With the window and following the thought of perceived importance of first impressions, say she takes the window seat. The way the light is cast on her is very different in this scene, than a situation where they are more toward the center of the room, or even if she were to move across the table to not sit next to the window.
These changes in light affect the way that the people she is meeting will view her. In harsh light her face will change, but the impression they get of her is still there. That aura that will surround her through their interaction and conversation. Her silhouette might get lost in the sun, as her new friend’s eyes adjust to the light or constantly must look at something uncomfortably bright.
What I am getting at here is that it is beautiful that we are not 3 discrete words, but an unstable flux or collection of language. It’s weather and light. Often attempts to describe yourself concretely as this or that feel like a wish, or a whim. They have unstable grounding.
Still, I understand trends of actions will make someone be known for a personality. I can tell people are one way or another in general, by my experience with them or by the corroboration of readings from others.
But there definitely is a hazy space around what we are described as, particularly if it is self reported. Maybe it is through this secondary effect of our description that we can begin to understand things, like my intent to view myself as “Valiant” reflects upon me a truth (that might point away from actual valiance, but show a true word-self within. “he thinks himself valiant”.)
I can’t think of three words that describe me. The default seems to be to supply adjectives, but it seems limiting.

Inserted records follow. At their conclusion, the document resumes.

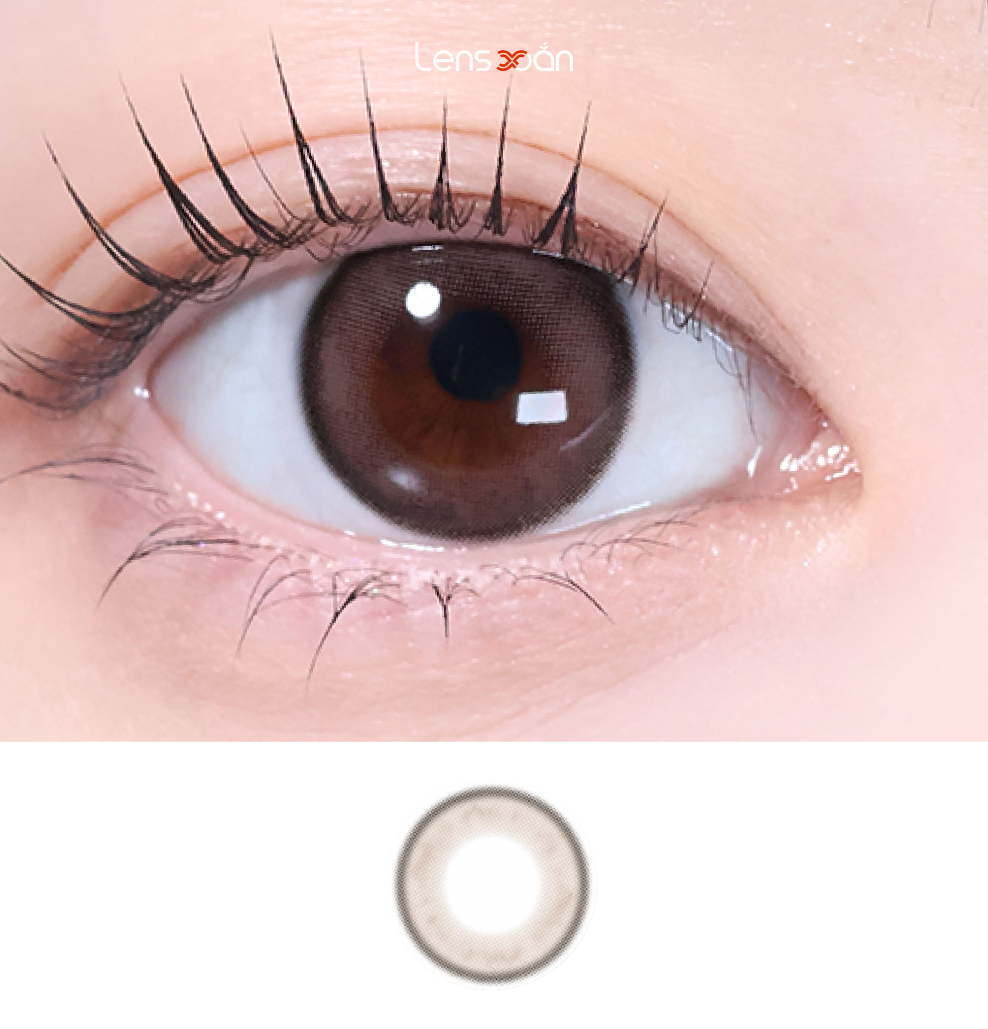 Màu nâu chocolate được pha cùng một lớp ánh khói nhẹ tạo chiều sâu vừa phải cho đôi mắt mà không làm mất đi vẻ mềm mại, dịu dàng vốn có. Thiết kế viền nhẹ tinh tế , giúp lens hòa vào tròng mắt một cách mượt mà, tạo hiệu ứng tự nhiên như không đeo lens – rất lý tưởng cho các bạn gái yêu phong cách nhẹ nhàng, dịu dàng mà vẫn muốn đôi mắt to tròn và trong veo.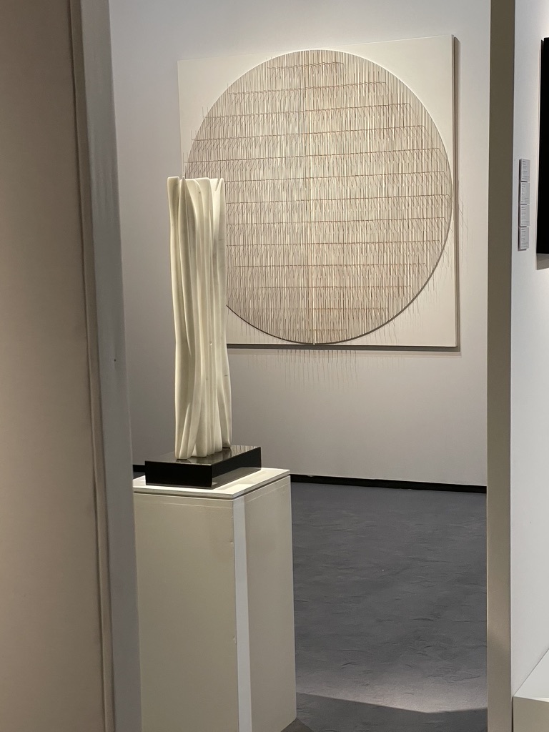 I always enjoy spending time at Axel Vervoordt’s stand. This year I felt especially close to the works of Jef Verheyen, Atelier Pierre Culot, and Günther Uecker. Verheyen’s paintings are about light, but also about patience. You have to give them time, and they give something back. Pierre Culot’s ceramics are so honest, made from the earth and still carrying it with them. And Uecker’s nail works repetitive, quiet, almost obsessive have a rhythm that slows you down. Together, they made the stand feel like a place you could stay in for a while.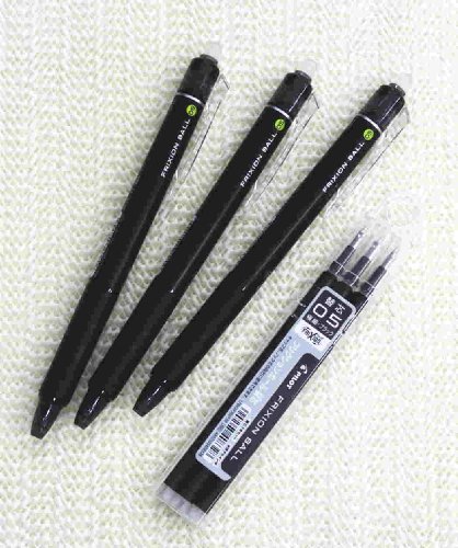 Pilot FriXion Ball Knock Retractable Erasable Gel Ink Pens,Fine Point, - 0.5mm - Black Ink- Value set of 3 & 3 Gel Ink Pen Refill Pack

I will recall a review though for a book that I saved: “Oscillates between incomprehensible and trite.” It does feel that way sometimes.
What do I look like?
What do I look like? What is the canonical look of me? Me in a T-pose with neutral light?
A billion angles, or sequence of public photographs that I post.
The ability to be pictured on demand is me? The possibility of being a picture.
Me under blue light, or me in the moonlight?
All of my acquaintances, to me. They look like a sample of their photos. Thoughts. Suspected errors. Nothing else.